U.S. President Joe Biden may have performed a mea culpa on climate for his predecessor's actions, but, as Chinese President Xi Jinping said in his written remarks to COP26, visions will come true only when we act on them. Biden's visions haven't been acted upon. He wanted to come into COP26 with his flagship climate legislation having passed Congress; he got nothing. He wanted to lead the the developed world to assist developing world on climate issues, but the $100 billion a year in climate finance for developing countries by 2020 is yet to be fulfilled.

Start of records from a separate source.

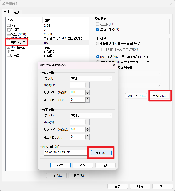 修改网卡 MAC 地址
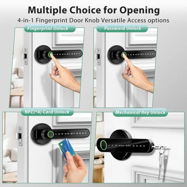 • 4-IN-1 Smart Lock: Fingerprint + Password + 2 Mechanical Keys +4 IC Card; Our door lock provides add up to 100 fingerprints and 50 passwords to suit different family members and guests
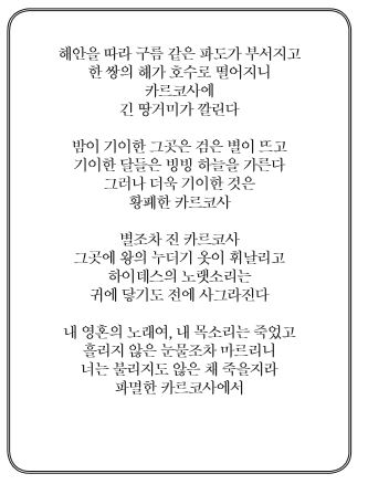 (그리고 그 다음에 뭘 찾았죠 곰곰곰...) 내 영혼의 노래여, 내 목소리는 죽었고 흘리지 않은 눈물조차 마르리니 너는 불리지도 않은 채 죽을지라, 파멸한 카르코-사에서... (이것도 시일까요... 더듬거리며 읊어봤어요)
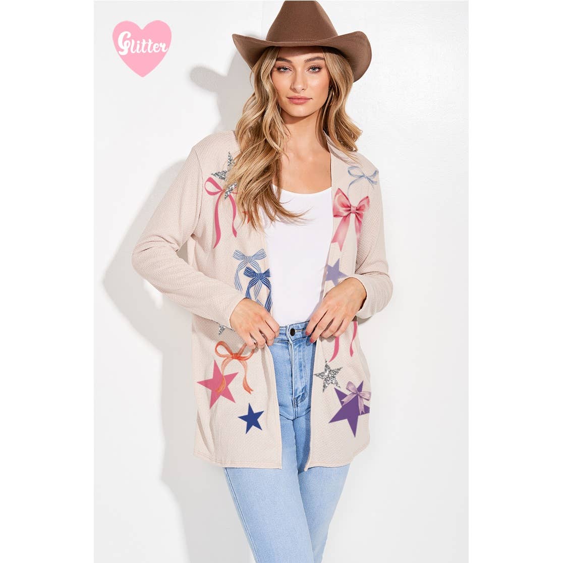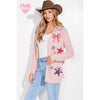-Bow star lovely print knit long sleeve cardigan

And other than calling on the developed world to step up in helping developing countries, Biden didn't make any numerical commitments during his speech at COP26.

Mohamed Adow, director of the think tank Power Shift Africa, told Bloomberg that "the U.S. is still woefully short of what it owes and this needs to be increased urgently." Biden's inability to get climate issues acted on and little movement besides pretty rhetoric is even more striking given a recent poll has found that 50 percent of Americans believe that the current U.S. policies on climate don't go far enough.

Fighting climate change is a delicate balancing between contributing to the global fight and the need for domestic development. The U.S., as the largest emitter in history with one of the highest emission rates per capita in the world, has to take responsibility and make concrete contributions beyond what it is doing right now. The developed world, benefiting from unrestrained emissions during the Industrial Revolution, developed economic prowess on the back of a high proportion of CO2 emissions. It is only natural that they should take up a larger share in cleaning it up. The U.S. and the developed world cannot expect China or Russia to shoulder the burden while continuing to give their own citizens and businesses a free hand at polluting the world.

Putting the focus on China and Russia will overshadow the real problem in the global campaign against climate change. It is the negligence of the developed world that needs to be put under the spotlight. Trying to take advantage of the developing world's commitments and actions to give themselves more room is not what being responsible looks like. Every country needs to step up. The developed world needs to step up even more.

It's not about aliens or great-power politics, but the simple fact that some shirk their duties while others try to do the job. It is on all of us to safeguard our world – from aliens and the hostile climate alike.